Factoring these metrics in with our understanding of potential attractive components of diatom DOM, an effective diffusivity of 3.16 × 10−11 m2s−1 (Fig. 2D) best satisfied all four metrics, and this value was used in all subsequent analyses. This value is low relative to known, small-molecule chemoattractants (e.g., D = 9 × 10−10 m2s−1 for serine), likely because it captures the noninstantaneous release of multiple attractants with a single diffusivity value. More specifically, the diatom surface likely acted as a sieve and the release of different DOM constituents through openings in the sieve occurred at some unknown rate. Additionally, ectohydrolytic enzyme activity among clustered bacteria may have degraded large DOM molecules, leading to additional gradients of small molecules, and clustering may also reflect attraction to and consumption of these small hydrolysates. For example, diffusivity for the representative protein GFP is ∼3.16 × 10−11 m2s−1 (Fig. 3C), so clustering may reflect chemotaxis toward dissolved free amino acids created by hydrolysis of similarly sized proteins released from diatoms during lysis.
To quantify the consumption partitioning of different molecules released from diatoms upon lysis, and to constrain the potential for interbacterial exchange enhancement of biological entities, we used the same consumption model described above with both motile and nonmotile bacteria. However, rather than using a single effective diffusivity, D, we iterated the model for 23 assumed diffusivity values (10−13.5, 10−13.25, ..., 10−8.25, 10−8 m2s−1), making it possible to calculate the quantities consumed within the phycosphere by both bacterial populations at each diffusivity. The fraction of DOM consumed by each population resulted from a combination of this local consumption and bulk consumption (discussed below).
Bulk Consumption of DOM from a Single Lysis Phycosphere.
DOM that escaped the bounds of the numerical simulation domain or that remained after the 10-min chemotactic response was treated as being in the bulk environment. In the bulk, both motile and nonmotile bacteria as well as the DOM are assumed to be uniformly distributed. Under these assumptions, uptake of a diatom’s DOM is partitioned by each population’s consumption strength and therefore dependent on the cell sizes and background concentrations of the two populations.

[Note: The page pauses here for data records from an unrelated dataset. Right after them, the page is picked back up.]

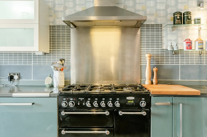 French doors lead to a large kitchen with modern units, features and recessed lighting, hardwood flooring, and space for a breakfast table. Appliances include a range cooker, washing machine, dishwasher, and American-style fridge/freezer.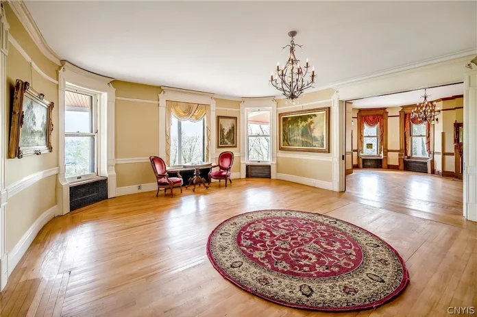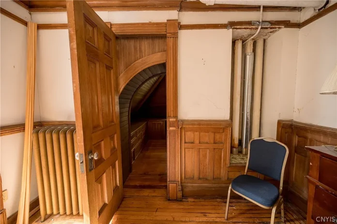 The ornate, hand-carved millwork is a testament to an era when artisanship was paramount.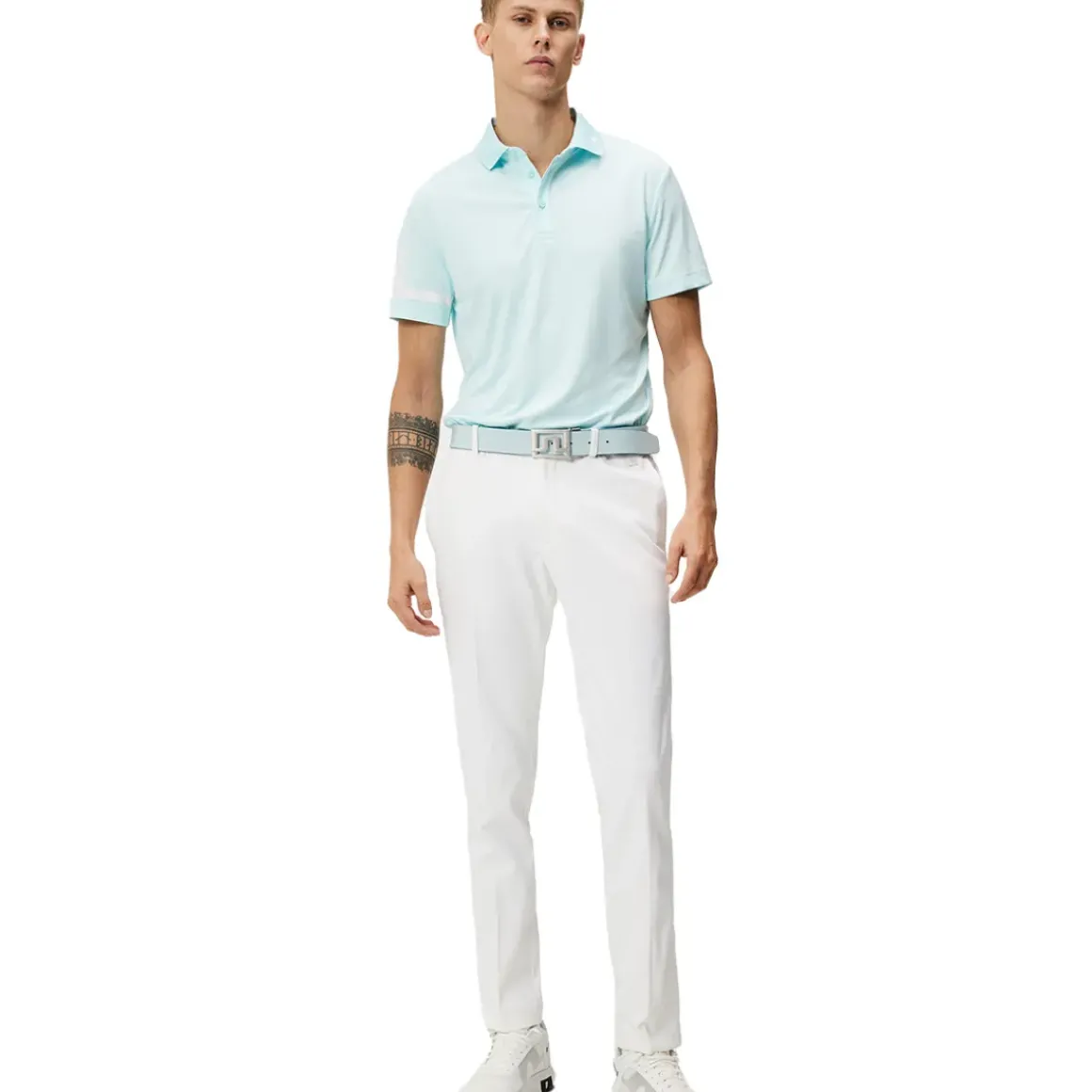 This iconic knitted pique polo shirt is sure to give you the inspiration to play better golf. Constructed with a technical 4-way stretch for an unrestricted swing as you play golf, and equipped with fast drying and moisture-wicking capabilities. A system that works by wicking sweat away from the body, aiding in rapid evaporation. The design features a 3-button placket and rib collar, plus is highlighted with a printed J.Lindeberg bridge logo with mesh structure on the sleeve and embroidery bridge on the collar.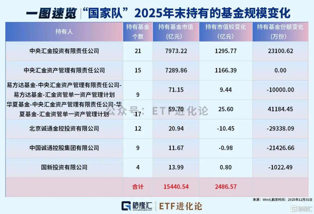 这或许意味着理财、年金、险资等机构资金当下仍存在权益配置需求,恰逢基金2025年年报披露前十大持有人名单,各类机构的持仓动态也浮出水面,其中最引人瞩目的当属“国家队”了。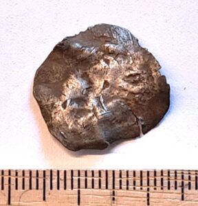 Coin, silver. Very damaged.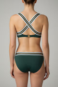 Bikini set Énergie Nautique de Lise Charmel en verde ciprés que combina elegancia deportiva con sofisticación. El top presenta espalda cruzada y almohadillas integradas para un soporte óptimo, mientras que la braga de corte bajo ofrece comodidad y libertad de movimiento. Ambas piezas lucen una banda decorativa bajo el pecho y en la cintura con detalles dorados que aportan un toque de lujo. Diseño versátil que transita sin esfuerzo del mar a la ciudad.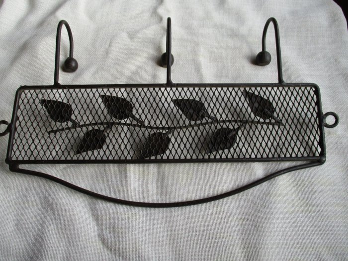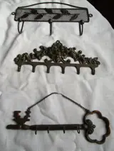 3) koperen muursleutelhanger, 22,5 x 7 x 3 cm, 160 gr.. De ketting is slecht gerepareerd, zoals op de foto te zien is.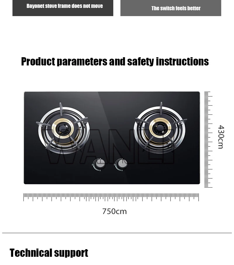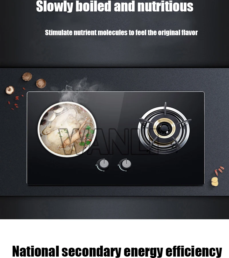 Газовая плита, микрокристаллическая панель, двойная головка, жесткая плита, бытовая Встроенная газовая плита, природный газ/сжиженный нефтяной газ, газовая плита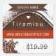 You can customise this coffee bakery sticker by adding your bakery name, price of the pie, address, and website. This sticker works well for tiramisu and other cocoa + coffee flavoued desserts.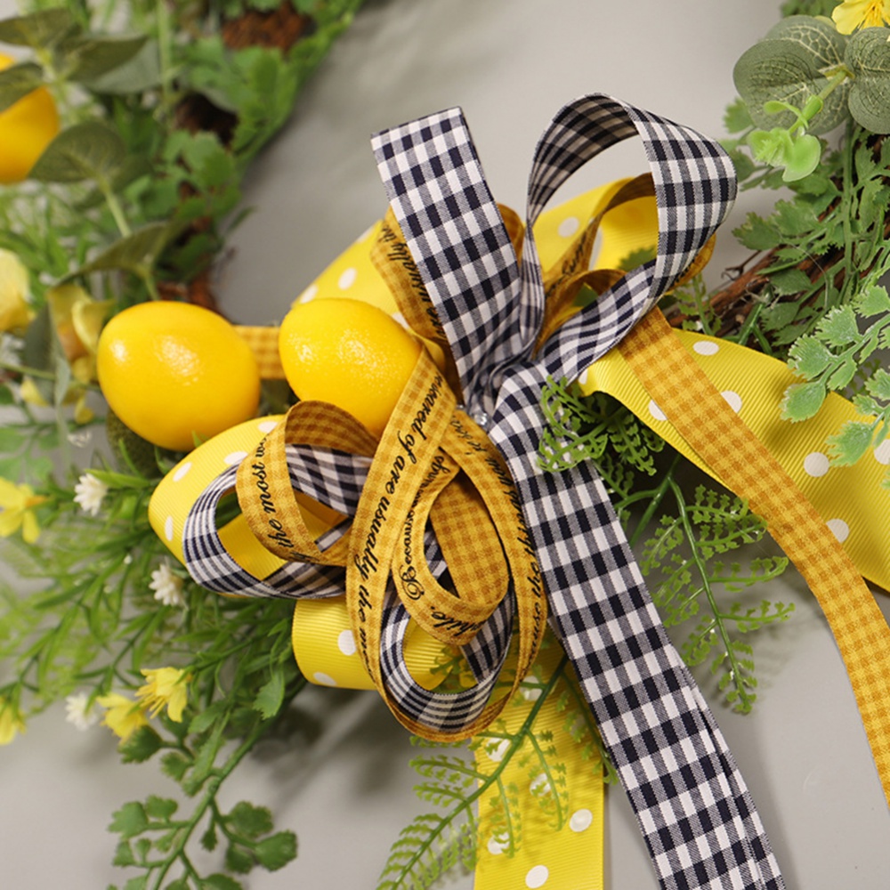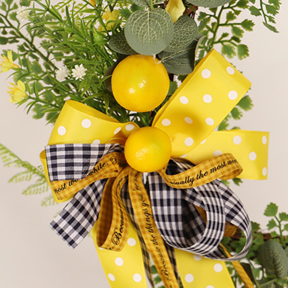 - 2, Design: mainly use elegant handmade lemon garlands, yellow lemons, and small flowers of various colors and white hydrangea, green leaves, yellow wildflowers are distributed throughout the wreath, decorated with black and white brown plaid bows, creating a lively scene, the garland is full of life.

Multiple Lysis Encounters.
Three phycoscape scenarios were considered: typical coastal conditions (100 diatoms per mL, 3-d population turnover time), phytoplankton bloom conditions (1,000 diatoms per mL, 3-d turnover time), and bloom collapse conditions (loss of 900 diatoms per mL per d) (SI Materials and Methods). These conditions correspond, respectively, to 1.4, 13, and 38 lyses per mL per h. To convert the lysis rates of diatoms under three ocean conditions into bacterial encounter rates, we made some assumptions. Given the brevity of the lysis response (10 min), and the spatial extent of the phycosphere (2-mm radius), it was assumed that negligible numbers of bacteria begin outside the phycosphere, enter the phycosphere during the lysis response, and differ significantly in terms of consumption from the consumption they would have had in the bulk. Therefore, an encounter occurs if a bacterium is within a phycosphere radius of a diatom when it lyses. We also assumed that diatom lysis events are uncorrelated in time and space. This is a simplification, in particular for Chaetoceros spp., because diatoms can form chains of cells that can each lyse. Finally, we assumed that independent lysis events do not have overlapping phycospheres. For the three lysis rates considered here, this is a minor assumption [at the highest lysis rate (38 events per mL per h), the expected minimum distance between lysis events within a 10-min period is ∼3.2 mm, less than the phycosphere radius]. With these assumptions, we can view lysis encounters as random, independent events occurring with a constant probability at any location. Therefore, a bacterium encounters lysis events as a Poisson process with a rate determined by the occurrence of lysis in a ball of equal radius to the phycosphere, centered at the bacterium. The distributions of the number of daily encounters for bacteria in different environments are shown in Fig. S8. It is important to note that under the independent lysis assumptions there is no difference in encounter rates between motile and nonmotile bacteria. Because all locations are equally likely to be a DOM source, swimming does not change the encounter probability. The advantage of motile bacteria therefore is limited to being able to closely cluster near the DOM source within a phycosphere.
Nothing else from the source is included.